WHAT THIS TASK INVOLVES: Write out again, word for word, the lines below from the line that holds "3.0.22 加油、CNG加" through the line that holds "ROLLED SHORT SLEEVE", omitting pictures.

- - - - - - -

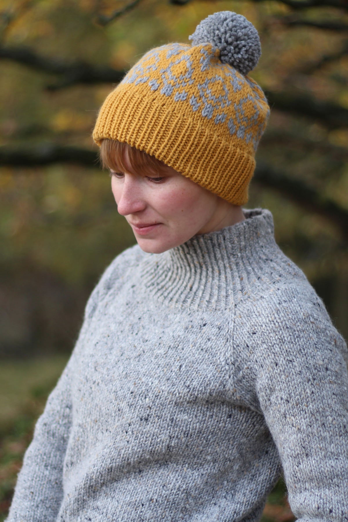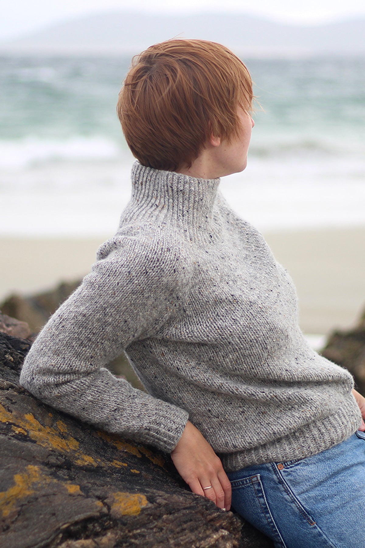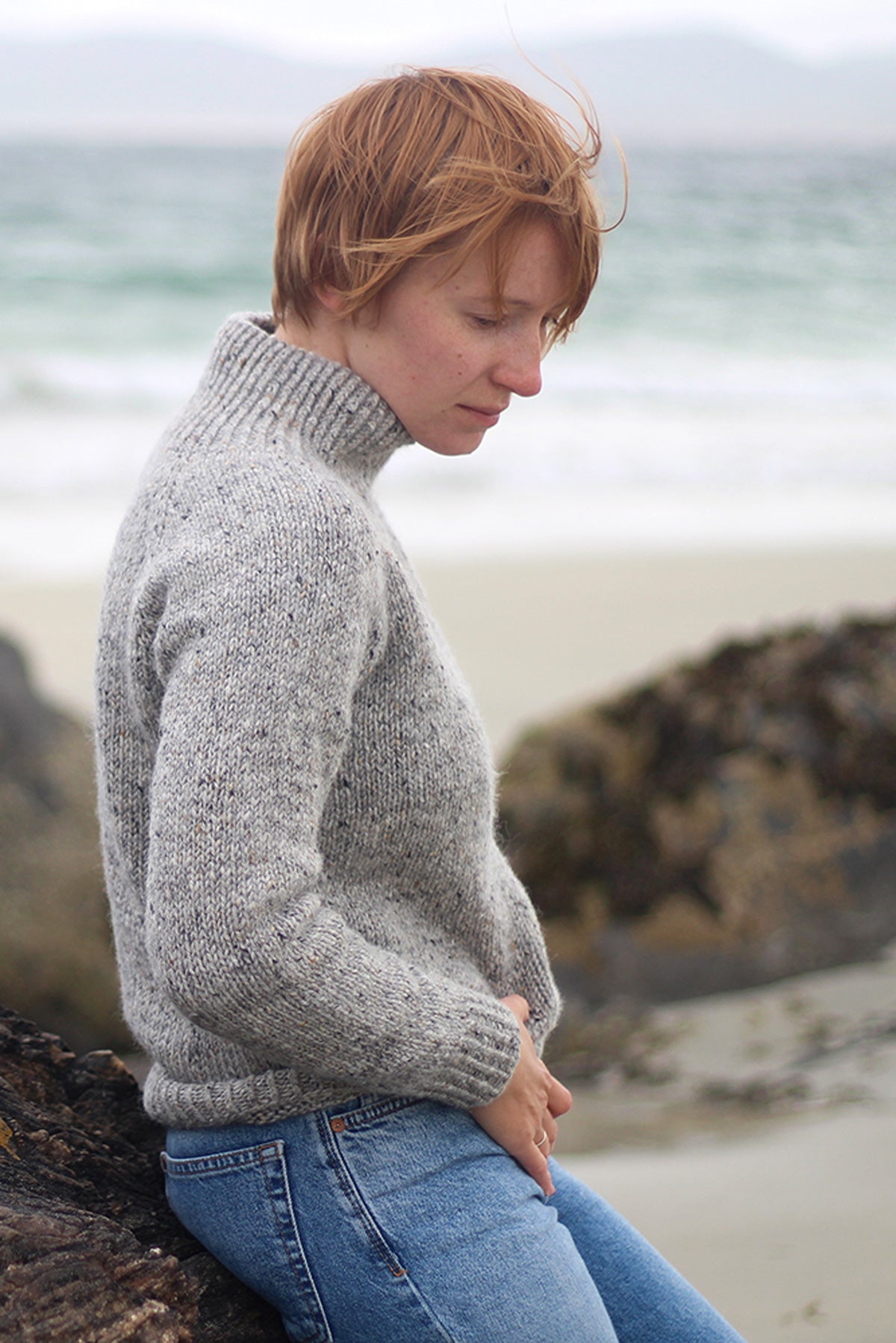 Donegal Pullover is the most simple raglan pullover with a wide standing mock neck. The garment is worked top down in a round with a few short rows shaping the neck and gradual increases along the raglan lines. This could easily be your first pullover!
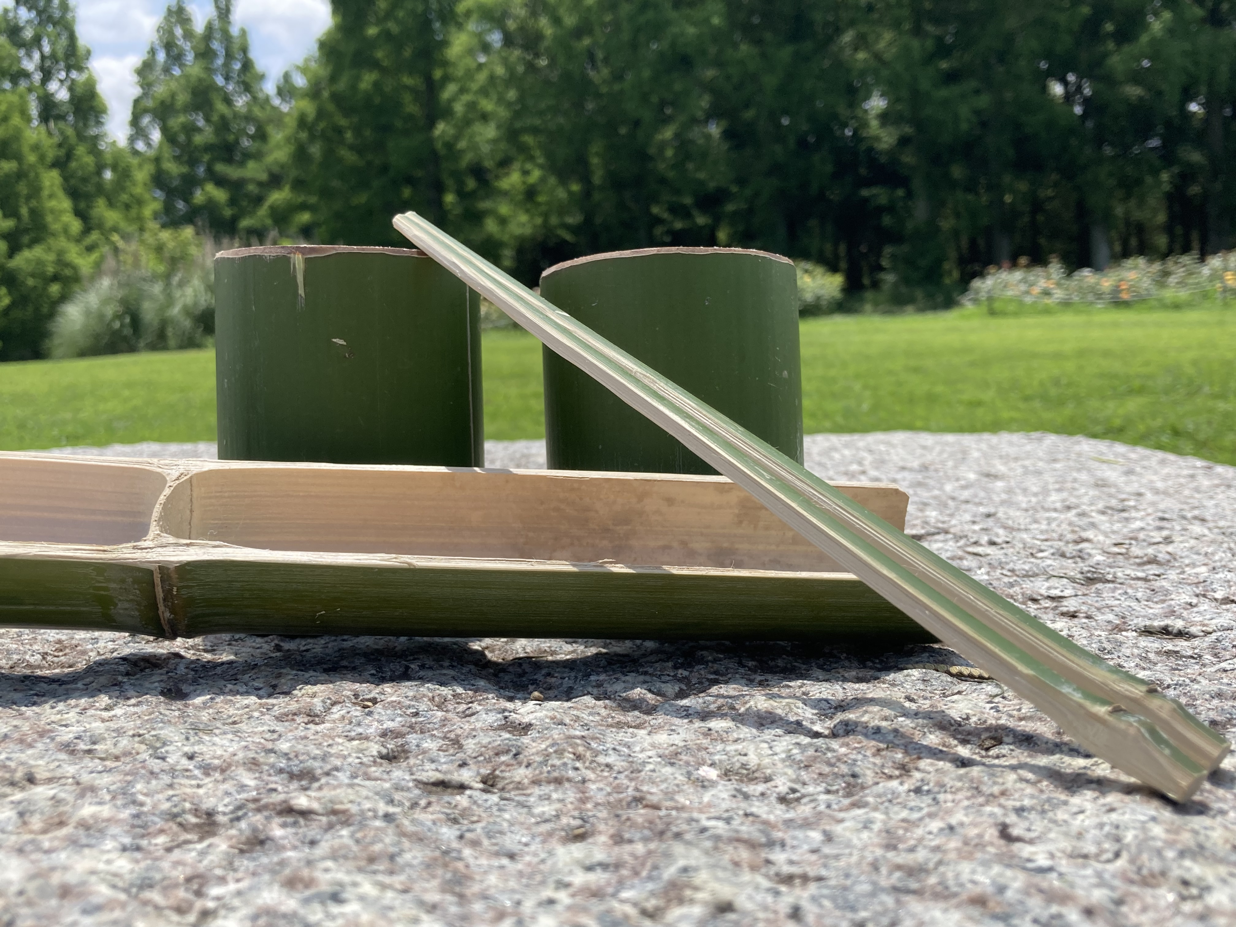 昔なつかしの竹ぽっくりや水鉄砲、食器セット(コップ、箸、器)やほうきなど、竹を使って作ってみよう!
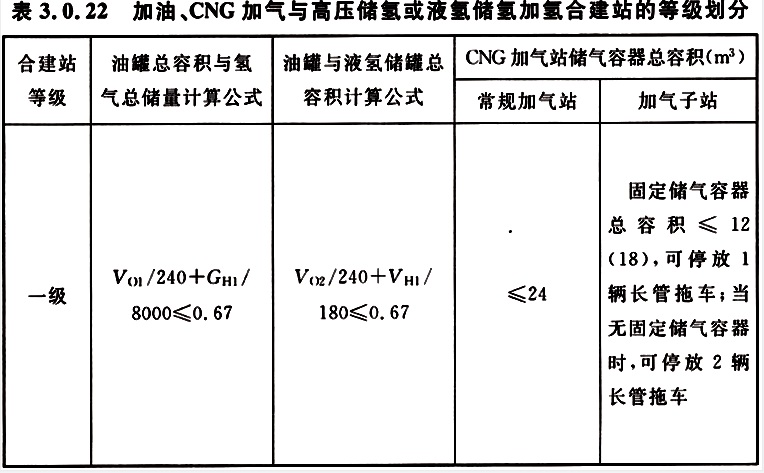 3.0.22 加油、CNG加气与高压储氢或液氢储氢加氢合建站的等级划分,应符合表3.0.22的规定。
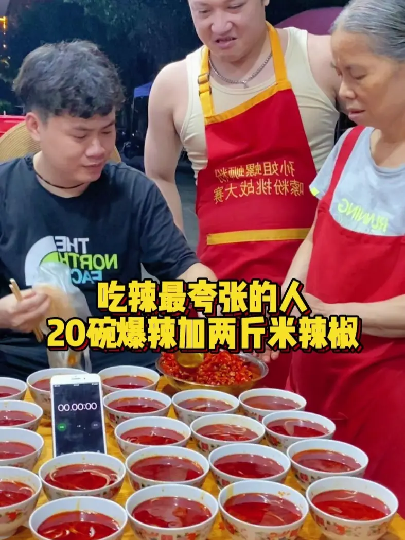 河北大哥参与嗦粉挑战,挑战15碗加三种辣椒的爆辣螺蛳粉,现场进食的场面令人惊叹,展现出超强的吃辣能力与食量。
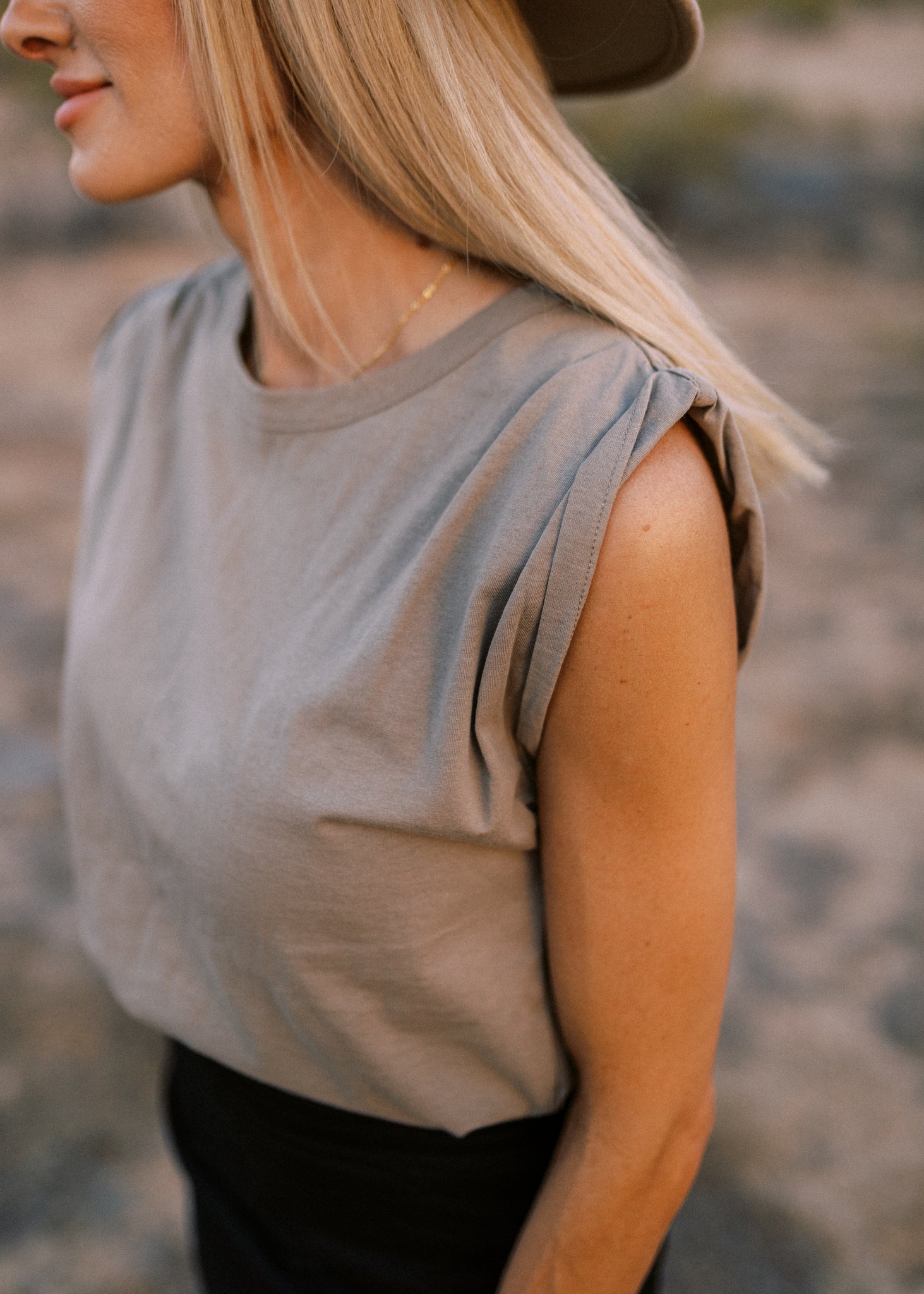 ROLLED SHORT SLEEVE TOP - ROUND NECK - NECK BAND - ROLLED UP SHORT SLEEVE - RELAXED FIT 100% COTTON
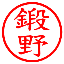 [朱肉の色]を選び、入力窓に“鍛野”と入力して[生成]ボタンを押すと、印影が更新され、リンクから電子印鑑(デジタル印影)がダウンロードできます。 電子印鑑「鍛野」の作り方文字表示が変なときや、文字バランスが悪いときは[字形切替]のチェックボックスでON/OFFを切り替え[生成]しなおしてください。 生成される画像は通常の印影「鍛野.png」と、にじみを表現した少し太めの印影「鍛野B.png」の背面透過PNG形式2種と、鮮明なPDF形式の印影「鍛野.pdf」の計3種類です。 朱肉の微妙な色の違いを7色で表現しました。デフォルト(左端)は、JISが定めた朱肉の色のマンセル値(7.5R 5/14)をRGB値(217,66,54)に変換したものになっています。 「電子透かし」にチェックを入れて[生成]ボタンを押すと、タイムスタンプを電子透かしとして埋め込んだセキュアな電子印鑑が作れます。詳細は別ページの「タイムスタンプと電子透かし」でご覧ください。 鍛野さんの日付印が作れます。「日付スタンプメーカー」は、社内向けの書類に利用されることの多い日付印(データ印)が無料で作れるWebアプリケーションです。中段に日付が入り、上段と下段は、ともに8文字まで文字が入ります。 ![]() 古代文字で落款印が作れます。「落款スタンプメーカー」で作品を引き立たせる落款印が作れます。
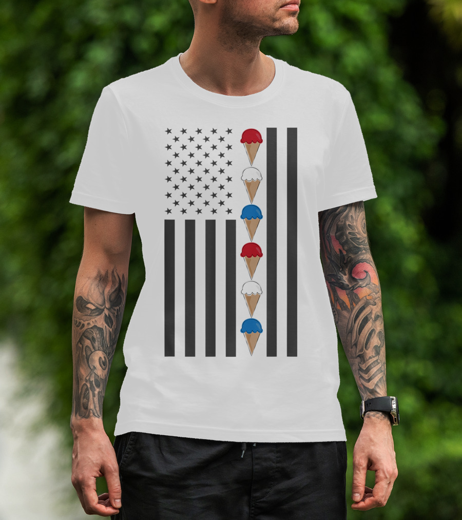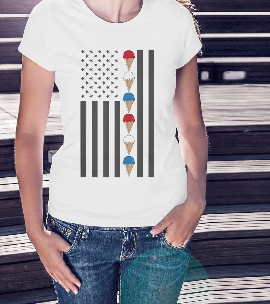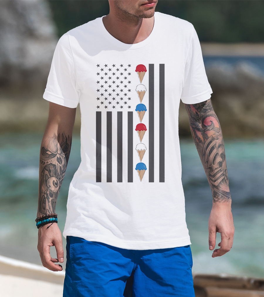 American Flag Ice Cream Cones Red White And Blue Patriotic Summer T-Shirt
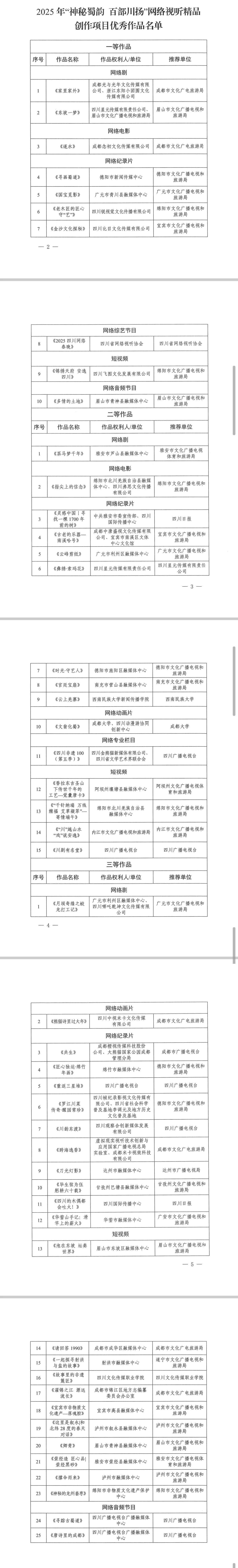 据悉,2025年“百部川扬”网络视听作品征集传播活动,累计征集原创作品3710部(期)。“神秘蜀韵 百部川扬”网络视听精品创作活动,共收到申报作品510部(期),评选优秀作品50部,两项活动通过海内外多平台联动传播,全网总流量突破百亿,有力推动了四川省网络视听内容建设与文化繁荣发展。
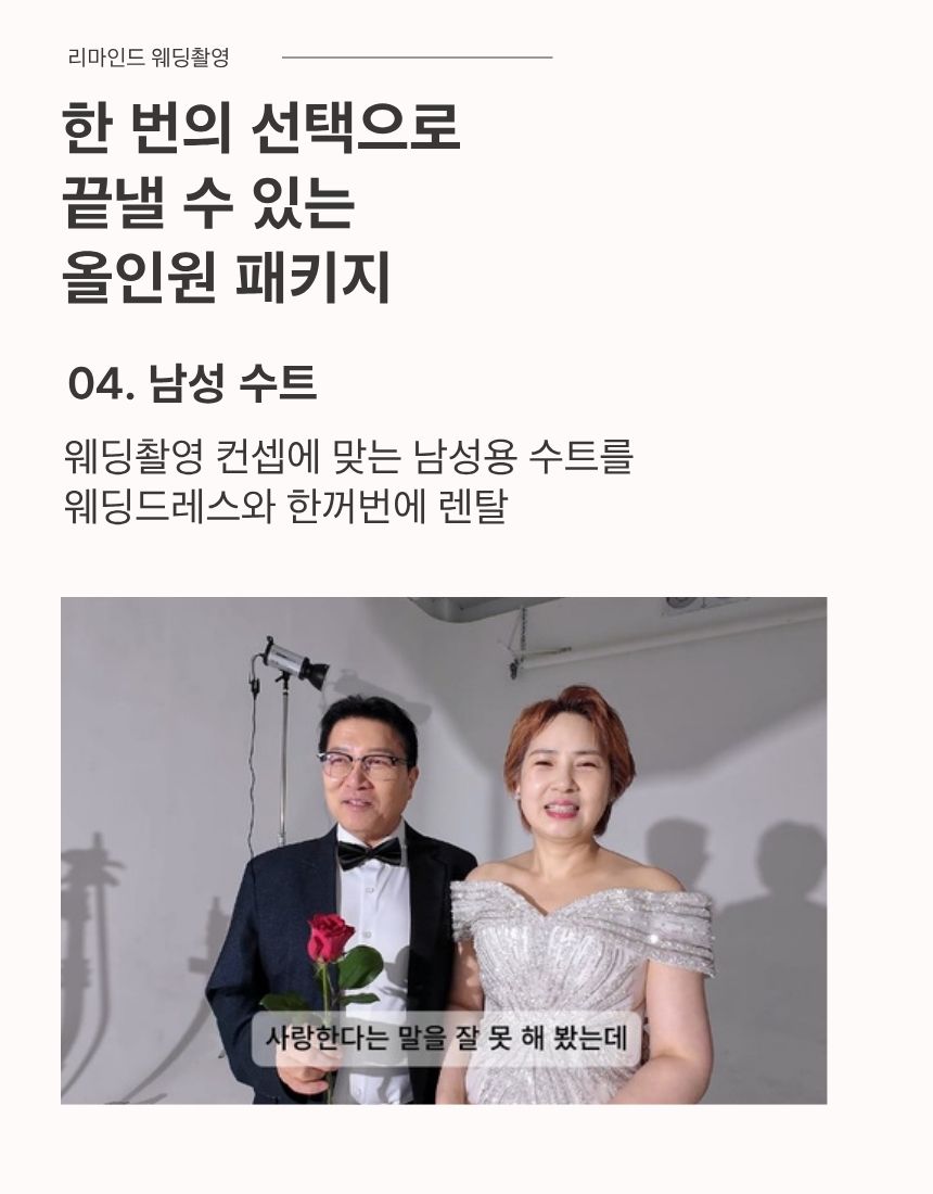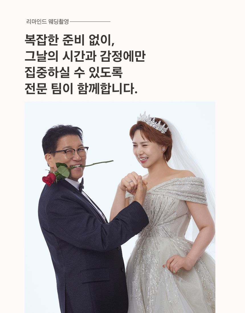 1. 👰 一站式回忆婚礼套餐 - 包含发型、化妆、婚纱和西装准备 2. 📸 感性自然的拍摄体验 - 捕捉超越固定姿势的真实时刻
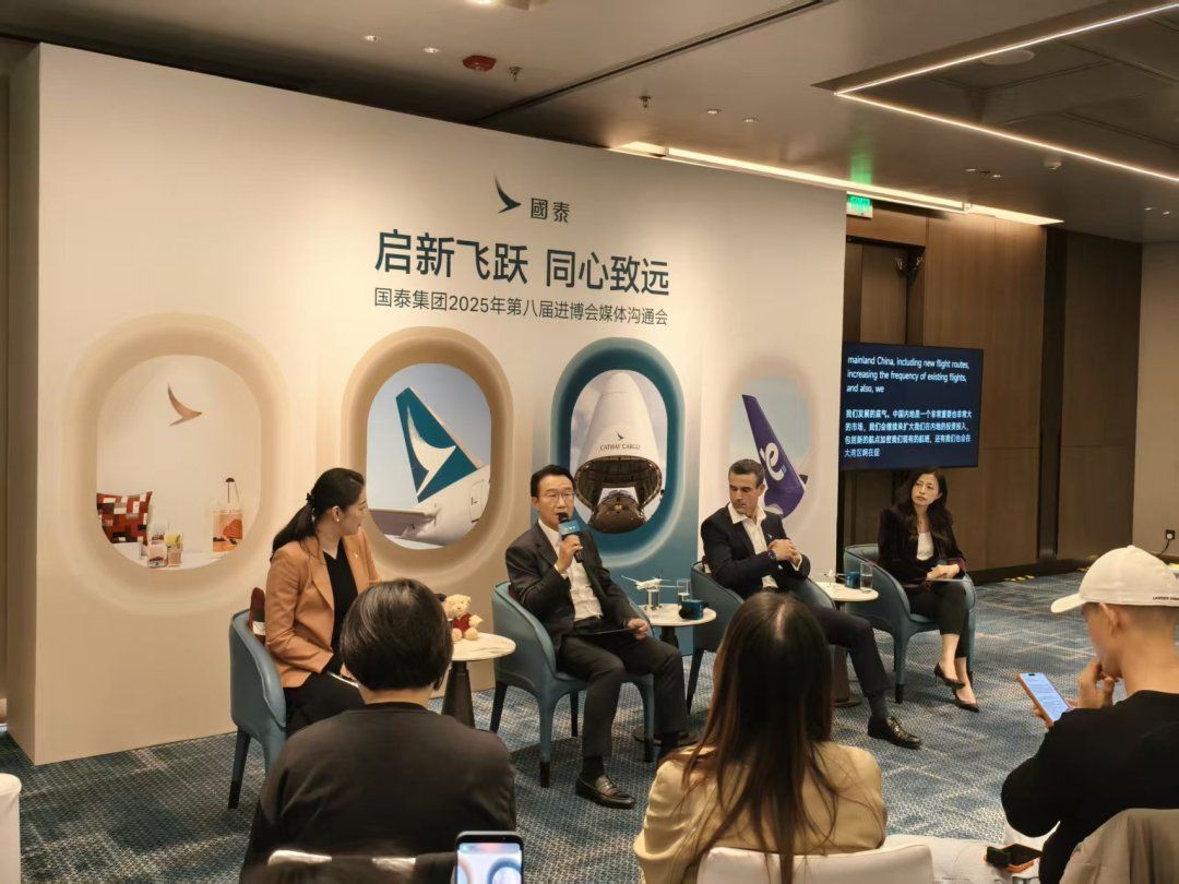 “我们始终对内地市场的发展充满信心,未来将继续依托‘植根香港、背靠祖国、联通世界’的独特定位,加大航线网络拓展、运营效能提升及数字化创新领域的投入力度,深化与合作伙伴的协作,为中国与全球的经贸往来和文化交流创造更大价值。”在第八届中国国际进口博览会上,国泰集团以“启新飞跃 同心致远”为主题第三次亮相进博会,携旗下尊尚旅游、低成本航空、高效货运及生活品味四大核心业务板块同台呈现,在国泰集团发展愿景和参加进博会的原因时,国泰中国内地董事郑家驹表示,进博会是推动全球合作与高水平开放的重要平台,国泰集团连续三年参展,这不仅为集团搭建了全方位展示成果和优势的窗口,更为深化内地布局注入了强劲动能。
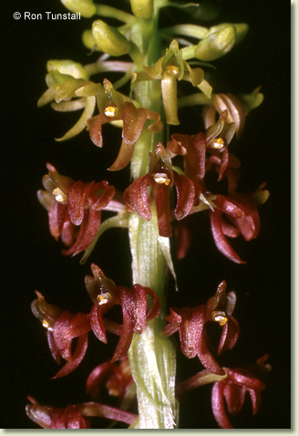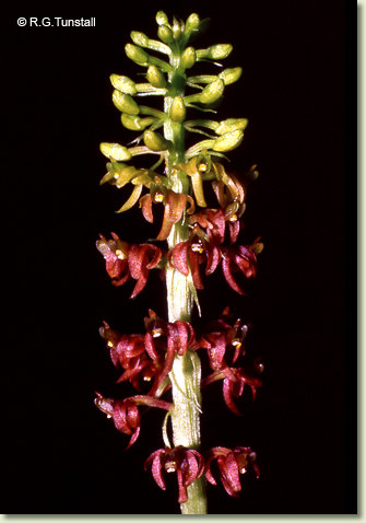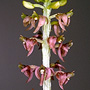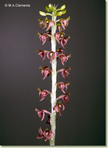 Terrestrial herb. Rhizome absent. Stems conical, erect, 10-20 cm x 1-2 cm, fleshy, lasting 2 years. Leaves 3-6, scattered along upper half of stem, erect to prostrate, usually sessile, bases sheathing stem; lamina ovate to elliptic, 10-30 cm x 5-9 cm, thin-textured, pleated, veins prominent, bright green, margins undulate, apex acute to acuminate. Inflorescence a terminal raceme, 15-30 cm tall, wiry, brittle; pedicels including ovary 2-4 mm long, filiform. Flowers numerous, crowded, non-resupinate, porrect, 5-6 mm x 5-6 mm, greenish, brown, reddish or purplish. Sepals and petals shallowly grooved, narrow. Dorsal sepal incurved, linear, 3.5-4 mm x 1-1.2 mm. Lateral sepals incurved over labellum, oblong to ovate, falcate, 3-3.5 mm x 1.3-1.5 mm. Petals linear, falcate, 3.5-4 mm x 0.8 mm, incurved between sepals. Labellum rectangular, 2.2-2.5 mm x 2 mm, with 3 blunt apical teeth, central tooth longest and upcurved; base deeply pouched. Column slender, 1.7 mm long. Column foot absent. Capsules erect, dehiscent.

- - - - - - -

REPLY:
 3.0.22 加油、CNG加气与高压储氢或液氢储氢加氢合建站的等级划分,应符合表3.0.22的规定。
 河北大哥参与嗦粉挑战,挑战15碗加三种辣椒的爆辣螺蛳粉,现场进食的场面令人惊叹,展现出超强的吃辣能力与食量。
 ROLLED SHORT SLEEVE TOP - ROUND NECK - NECK BAND - ROLLED UP SHORT SLEEVE - RELAXED FIT 100% COTTON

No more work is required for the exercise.